**YOUR OBJECTIVE:**
Restate word for word, and only, the lines that extend from the line containing "von der netten" through the end of the records below.

[Stored records]
Segment Open

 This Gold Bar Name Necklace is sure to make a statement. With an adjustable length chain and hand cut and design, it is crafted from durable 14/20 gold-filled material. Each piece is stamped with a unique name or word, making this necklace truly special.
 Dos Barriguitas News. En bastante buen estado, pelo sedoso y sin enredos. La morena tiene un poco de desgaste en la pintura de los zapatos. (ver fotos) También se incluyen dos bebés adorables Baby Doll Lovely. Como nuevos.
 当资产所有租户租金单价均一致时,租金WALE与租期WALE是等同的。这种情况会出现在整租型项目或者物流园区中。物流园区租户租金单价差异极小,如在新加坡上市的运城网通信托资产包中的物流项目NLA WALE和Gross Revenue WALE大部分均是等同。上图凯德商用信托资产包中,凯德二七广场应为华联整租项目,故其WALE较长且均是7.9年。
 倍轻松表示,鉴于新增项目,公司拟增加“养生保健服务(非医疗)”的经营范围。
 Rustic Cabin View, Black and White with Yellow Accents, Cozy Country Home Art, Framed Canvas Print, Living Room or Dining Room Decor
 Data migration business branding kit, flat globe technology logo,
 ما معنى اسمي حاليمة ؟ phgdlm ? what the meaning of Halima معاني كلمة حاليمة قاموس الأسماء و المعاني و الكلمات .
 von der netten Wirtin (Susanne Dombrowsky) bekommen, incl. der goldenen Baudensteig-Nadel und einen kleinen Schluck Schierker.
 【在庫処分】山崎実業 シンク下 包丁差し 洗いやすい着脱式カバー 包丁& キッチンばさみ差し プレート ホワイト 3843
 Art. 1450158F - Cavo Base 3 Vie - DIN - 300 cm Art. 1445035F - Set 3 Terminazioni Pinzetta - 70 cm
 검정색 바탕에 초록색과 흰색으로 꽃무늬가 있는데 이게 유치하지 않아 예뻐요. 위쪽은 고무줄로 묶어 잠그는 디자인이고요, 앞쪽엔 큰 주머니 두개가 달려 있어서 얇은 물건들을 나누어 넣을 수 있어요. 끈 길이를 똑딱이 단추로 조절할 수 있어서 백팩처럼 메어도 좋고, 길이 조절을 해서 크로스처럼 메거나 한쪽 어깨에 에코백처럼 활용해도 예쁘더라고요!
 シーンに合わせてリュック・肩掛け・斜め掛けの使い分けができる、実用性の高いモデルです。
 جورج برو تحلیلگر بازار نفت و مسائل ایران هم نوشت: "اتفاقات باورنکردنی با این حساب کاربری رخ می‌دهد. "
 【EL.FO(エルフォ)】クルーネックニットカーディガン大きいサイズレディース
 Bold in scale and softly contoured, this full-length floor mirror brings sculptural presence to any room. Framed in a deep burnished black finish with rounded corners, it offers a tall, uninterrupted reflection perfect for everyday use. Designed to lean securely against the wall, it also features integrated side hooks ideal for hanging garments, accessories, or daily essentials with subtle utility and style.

Segment Closed

**YOUR SOLUTION:**
 von der netten Wirtin (Susanne Dombrowsky) bekommen, incl. der goldenen Baudensteig-Nadel und einen kleinen Schluck Schierker.
 【在庫処分】山崎実業 シンク下 包丁差し 洗いやすい着脱式カバー 包丁& キッチンばさみ差し プレート ホワイト 3843
 Art. 1450158F - Cavo Base 3 Vie - DIN - 300 cm Art. 1445035F - Set 3 Terminazioni Pinzetta - 70 cm
 검정색 바탕에 초록색과 흰색으로 꽃무늬가 있는데 이게 유치하지 않아 예뻐요. 위쪽은 고무줄로 묶어 잠그는 디자인이고요, 앞쪽엔 큰 주머니 두개가 달려 있어서 얇은 물건들을 나누어 넣을 수 있어요. 끈 길이를 똑딱이 단추로 조절할 수 있어서 백팩처럼 메어도 좋고, 길이 조절을 해서 크로스처럼 메거나 한쪽 어깨에 에코백처럼 활용해도 예쁘더라고요!
 シーンに合わせてリュック・肩掛け・斜め掛けの使い分けができる、実用性の高いモデルです。
 جورج برو تحلیلگر بازار نفت و مسائل ایران هم نوشت: "اتفاقات باورنکردنی با این حساب کاربری رخ می‌دهد. "
 【EL.FO(エルフォ)】クルーネックニットカーディガン大きいサイズレディース
 Bold in scale and softly contoured, this full-length floor mirror brings sculptural presence to any room. Framed in a deep burnished black finish with rounded corners, it offers a tall, uninterrupted reflection perfect for everyday use. Designed to lean securely against the wall, it also features integrated side hooks ideal for hanging garments, accessories, or daily essentials with subtle utility and style.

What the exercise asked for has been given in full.